3. Development Plan for New-Generation Artificial Intelligence
The “Development Plan for New-Generation Artificial Intelligence” was issued by the State Council on July 8, 2017, as Document No. 35 (2017) of the State Council. The Plan sets forth the guiding principles, strategic objectives, key tasks, and safeguard measures for the development of China’s new-generation artificial intelligence toward 2030, and deploys efforts to build China’s first-mover advantages in AI development, accelerating the construction of an innovative country and a world leader in science and technology.
4. In primary healthcare institutions: there are 35,000 community health service centers (stations), 37,000 township health centers, 638,000 village clinics, and 205,000 clinics (medical rooms).

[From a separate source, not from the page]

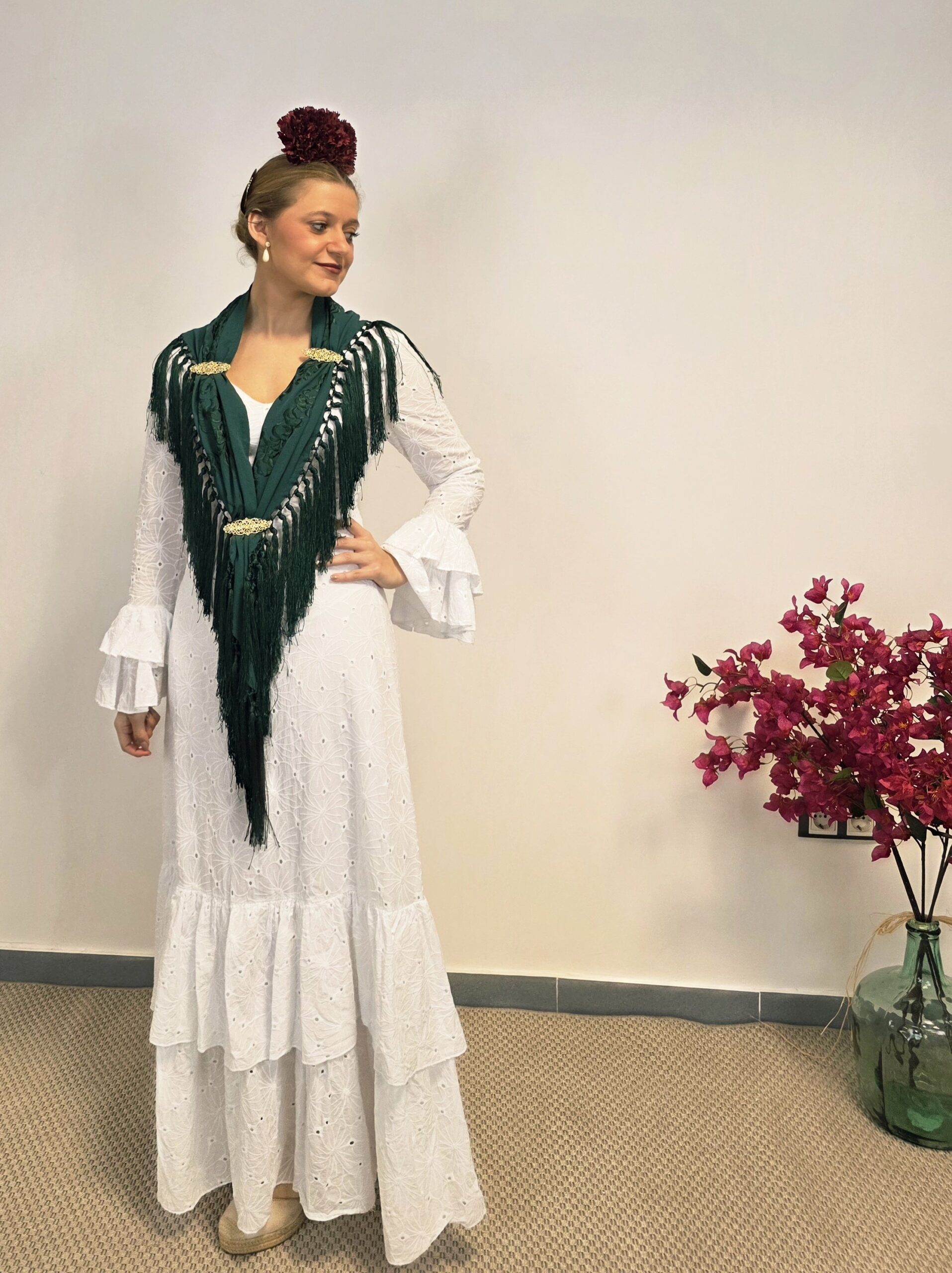 Traje de flamenca en tejido perforado blanco

Village doctors are allocated at a standard of no fewer than one per 1,000 service population.
5. Few companies have entered the intelligent diagnosis and treatment market targeting primary care physicians. “Many ‘Internet + Healthcare’ initiatives focus on the patient market; in fact, it may be worthwhile to consider developing apps, knowledge bases, and other tools for physicians to help primary care medical personnel enhance their service capabilities,” stated Jiao Yahui.
The final sentence of this article: Precision medicine is not necessarily precise (Hu Dayi: Can medicine be precise? Macroscopically NO, microscopically Maybe), nor does it necessarily benefit the general public. However, an intelligent clinical diagnosis and treatment system tailored specifically for primary care physicians can serve the majority of doctors, thereby benefiting the general public.